I shoot almost equally well with either hand, and with both hands with either hand being dominant.
Whether semi-auto or revolver, my performance is exactly the same.

How have I accomplished this miracle?
With practice, practice, practice. At this point, about 60-years'-worth.

It has nothing at all to do with the weapon I choose, as long as I have practiced using it.
And, while we're at it, it also has nothing to do with the ammunition I choose to use, because accurate bullet placement trumps ballistics, every time.

In my own experience, learning to shoot a revolver accurately and quickly is much more difficult than learning to shoot almost any semi-auto pistol with equal speed and accuracy. (I say "almost," because all TDA pistols, and some DAO pistols, are pretty difficult to shoot well. Trigger control is the key to quick, accurate shooting.)


----------



## desertman (Aug 29, 2013)

Steve M1911A1 said:


> I shoot almost equally well with either hand, and with both hands with either hand being dominant.
> Whether semi-auto or revolver, my performance is exactly the same.
> 
> How have I accomplished this miracle?
> ...


I'll second that! Nothing against the revolver though, God knows I've got a few. It's that long heavy trigger pull for each shot that takes getting used to. The mechanics of a double action revolver also contributes to this. The function of rotating the cylinder adds weight to the trigger pull. I've smoothed out a lot of mine by polishing the friction bearing surfaces such as the rebound slide and spring tunnel along with the hand and channel it rides in along with all the pivot points without changing any of the spring weights. Which could lead to light primer strikes. It did make a big difference, but could never achieve the same results of a good semi auto. With a semi auto there are not as many mechanical operations to contend with as the trigger is being pulled. Just the nature of the beasts.


----------



## Smitty79 (Oct 19, 2012)

If I can't hold it well enough to make it work, I can't pull the trigger on my revolver.


----------



## Goldwing (Nov 5, 2014)

I agree that a good revolver in skilled hands is a formidable and reliable weapon. If I am forced to use my "weak" hand (I am ambidextrous) because of an injury, I would rather not have to worry about reloading the gun until my 14th or 16th shot has been fired. Reloading a revolver requires dexterity with both hands more so than dropping a magazine and inserting another. My auto can also be loaded while it has a round in the pipe that is ready to fire. With a revolver, the cylinder is most efficiently reloaded when all of the live rounds have been fired. I'll stick with my G19. YMMV

GW


----------



## DJ Niner (Oct 3, 2006)

> *Self Defense: You will die without a revolver*





bg18566 said:


> Take stock of the firearms you have. Is there at least one revolver? Semi-Autos are great firearms. But what if you are sick,Ill, Impaired? What if you had a broken arm on your strong side? Or any other physical condition that forced you to shoot weak hand? What condition are you in when awoke at 3 AM? A limp wristed semi is a single shot fire arm. A loaded revolver is ready to go almost forever, springs are at rest, ready set go. What say you?
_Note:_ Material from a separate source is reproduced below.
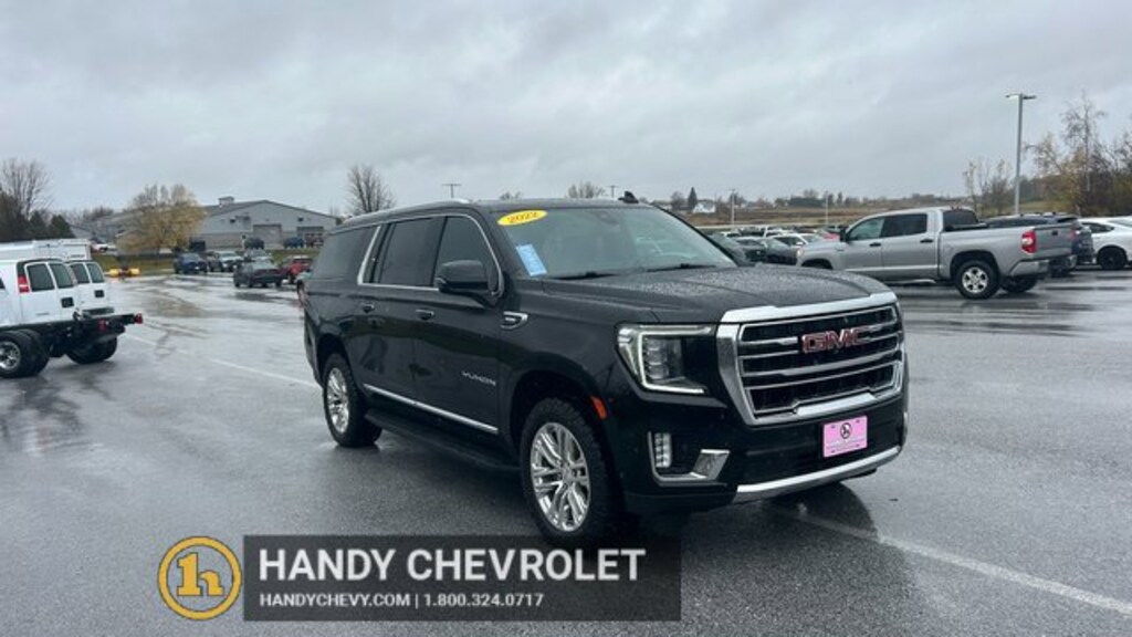 Recent Arrival!Here at HANDY CHEVROLET, it is our mission to be the automotive home of drivers in the Saint Albans, Burlington, and Franklin County area. We have been a family owned and operated dealership for 50+ years serving our community. We provide a vast selection of new and used vehicles, exceptional car care and customer service with a smile!Our staff at Handy Chevrolet of St. Albans, VT makes every effort to keep all information accurate and up to date. Contact a product specialist on our Sales team to inquire about availability. Contact us as soon as possible at 802 524 9737 to schedule the test drive of your next new or pre-owned vehicle!KEY POLICY: HANDY CHEVY PRE-OWNED VEHICLES COME STANDARD WITH ONE KEY. IF WE RECEIVED MORE THAN ONE KEY FROM THE PREVIOUS OWNER, WE INCLUDE THEM.Odometer is 42245 miles below market average!Clean CARFAX.4WD.Black 2022 GMC Yukon XL SLT 4D Sport Utility 4WD 10-Speed Automatic with Overdrive 3.0L I6 20/26 City/Highway MPGHandy Chevrolet is proud to present you with another True Market Priced Pre-Owned Vehicle. Transparent Pricing Of $ 61998 !! This 2022 GMC Yukon XL SLT is loaded with the following Factory Options: 4WD 4WD, 2 Presets For Power Driver Seat, 3.23 Rear Axle Ratio, 3rd row seats: split-bench, 4-Wheel Disc Brakes, 9 Speakers, ABS brakes, Air Conditioning, Alloy wheels, AM/FM radio: SiriusXM with 360L, AM/FM Stereo, Apple CarPlay/Android Auto, Auto High-beam Headlights, Auto-dimming Rear-View mirror, Automatic Emergency Braking, Automatic Stop/Start, Automatic temperature control, Bodyside moldings, Bose 9-Speaker Stereo Audio System Feature, Brake assist, Bright Chrome Bodyside Moldings, Bright Front & Rear Door Sill Plates, Bumpers: body-color, Chrome Door Handles w/Body-Color Strip, Compass, Delay-off headlights, Driver door bin, Driver vanity mirror, Dual front impact airbags, Dual front side impact airbags, Electronic Stability Control, Emergency communication system: OnStar and GMC Connected Services capable, Following Distance Indicator, Forward Collision Alert, Four wheel independent suspension, Front & Rear Park Assist, Front anti-roll bar, Front Bucket Seats, Front Center Armrest, Front dual zone A/C, Front fog lights, Front Pedestrian Braking, Front reading lights, Fully automatic headlights, Garage door transmitter, Hands-Free Power Programmable Rear Liftgate, Heated & Ventilated Driver & Front Passenger Seats, Heated door mirrors, Heated Driver & Front Passenger Seats, Heated front seats, Illuminated entry, Inside Rear-View Auto-Dimming Mirror, IntelliBeam Automatic High Beam On/Off, Lane Change Alert w/Side Blind Zone Alert, Lane Keep Assist w/Lane Departure Warning, Leather steering wheel, Low tire pressure warning, Memory seat, Navigation System, Occupant sensing airbag, Outside temperature display, Overhead airbag, Overhead console, Panic alarm, Passenger door bin, Passenger vanity mirror, Perforated Leather-Appointed Seating, Power door mirrors, Power driver seat, Power Liftgate, Power passenger seat, Power steering, Power windows, Premium Smooth Ride Suspension, Rain sensing wipers, Rear air conditioning, Rear anti-roll bar, Rear Cross Traffic Alert, Rear reading lights, Rear seat center armrest, Rear window defroster, Rear window wiper, Remote keyless entry, Roof rack: rails only, Safety Alert Seat, Security system, SiriusXM w/360L, Speed control, Speed-sensing steering, Split folding rear seat, Spoiler, Start/Stop System Disable Button, Steering wheel mounted audio controls, Tachometer, Telescoping steering wheel, Tilt steering wheel, Traction control, Trip computer, Universal Home Remote, Variably intermittent wipers, Ventilated front seats, Voltmeter, Wheels: 20 x 9 6-Spoke Polished Aluminum, and Wireless Charging!!
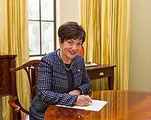 The monarch of New Zealand – currently King Charles III, represented in New Zealand by the Governor-General, Dame Cindy Kiro – is one of the components of Parliament. This results from the role of the monarch to sign into law (give Royal Assent to) the bills that have been passed by the House of Representatives.[2] MPs must express their loyalty to the King and defer to his authority, as the Oath of Allegiance must be recited by all new parliamentarians before they may take their seat,[36] and the official opposition is traditionally dubbed His Majesty's Loyal Opposition.[37]

I practice weak-handed, primarily weak-handed-one-handed; reloads, too. Most of my Glocks will fire and cycle reliably with a loose one-finger grip, so I'm not too worried about limp-wristing problems. Actually, I was just thinking...



> *Self Defense: You will die without a semi-auto pistol!*


Take stock of the firearms you have. Is there at least one semi-auto pistol? Revolvers are great firearms. But what if you are sick,Ill, Impaired? What if you had a broken arm on your strong side? Or any other physical condition that forced you to shoot weak hand; is your weak hand strong enough to pull a heavy double-action revolver trigger all the way back, while still holding it steady enough to hit the target? Could you reload your revolver one-handed? What condition was your revolver and ammo in when you awoke at 3 AM? A single loose-crimped bullet sliding forward under recoil, or a primer backing out is all it takes to securely jam a revolver cylinder. A loaded semi-auto pistol is ready to go with a new mag of fresh ammo in just seconds. What happens when you face-off against an entire biker/inner-city gang with only your revolver at hand? What say you?


----------



## Steve M1911A1 (Feb 6, 2008)

:anim_lol: :anim_lol: :anim_lol:

Parody is a wonderfully apt form of humor, particularly in this case.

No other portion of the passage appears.